M.Tech. (Fine Art) / In this research I explore performances of white South African masculinities in select works by the South African artists, Anton Kannemeyer and William Kentridge, as well as in my body of practical work. The primary aim of this study is to investigate the nature of performances of white masculinities depicted in the selected visual texts. The term 'performances', in the context of this study, refers to Judith Butler's (1990, 2004) concept of gender as performed identities, as free-floating, unconnected to an 'essence'. Within the context of gender performativity, I apply constructivist identity formation theory to examine masculine identities depicted in the visual texts. This research shows how the performances of white masculinity represented in the artists' selected works function to comment on how white South African men are reconceptualising their masculine performativities in order to adapt to the ideals of post-apartheid South Africa.
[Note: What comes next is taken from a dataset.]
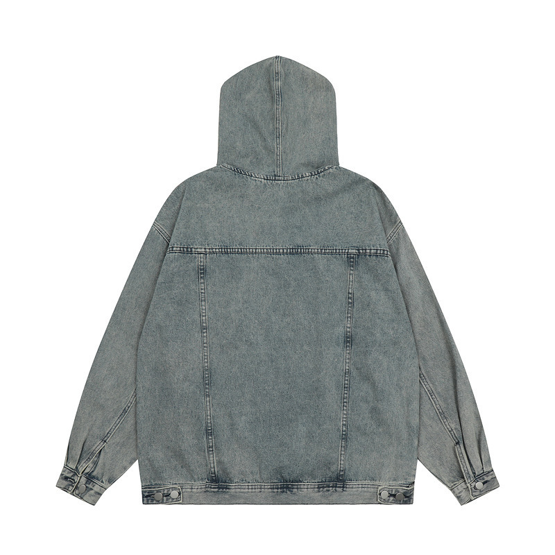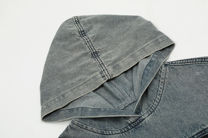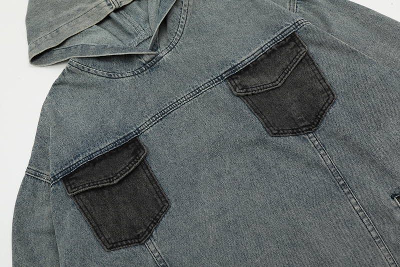 아메리칸 스타일 레트로 오래 된 컬러 패치 워크 포켓 후드 데님 스웨트 셔츠 남성용 트렌디 브랜드 루즈 커플 재킷스토어 가기

The study explores a perceived existential crisis in emergent South African white masculinities, analysing how a changing post-apartheid socio-political environment cause white South African men to create new conceptions of identity which break down previously imposed preconceived identities. In this dissertation I explore Kannemeyer's, Kentridge's and my own visual texts relating them to a discourse of social commentary. A key deduction I make from my research is that the selected visual texts operate through Laurel Richardson's factors of lived reality and reflexivity in that the artists' appropriate elements from within their experiences and observations of South Africa to inform their visual narratives. Another key deduction is that the visual texts analysed are structured through heteroglot voices, voices the artist uses to differentiate between the artist as author (his author-voice); the artist as his recognisable alter-ego (his object-voice); and the voice that provides content, context and meaning, to the text (his subjectvoice). There are a number of white, male artists who grew up in apartheid South Africa and who critique performances of white masculinity. I choose Kannemeyer and Kentridge as, apart from their both growing up in apartheid South Africa and using their lived realities and observations of socio-political change to inform their art making, as do I, they also tend to focus on two-dimensional art.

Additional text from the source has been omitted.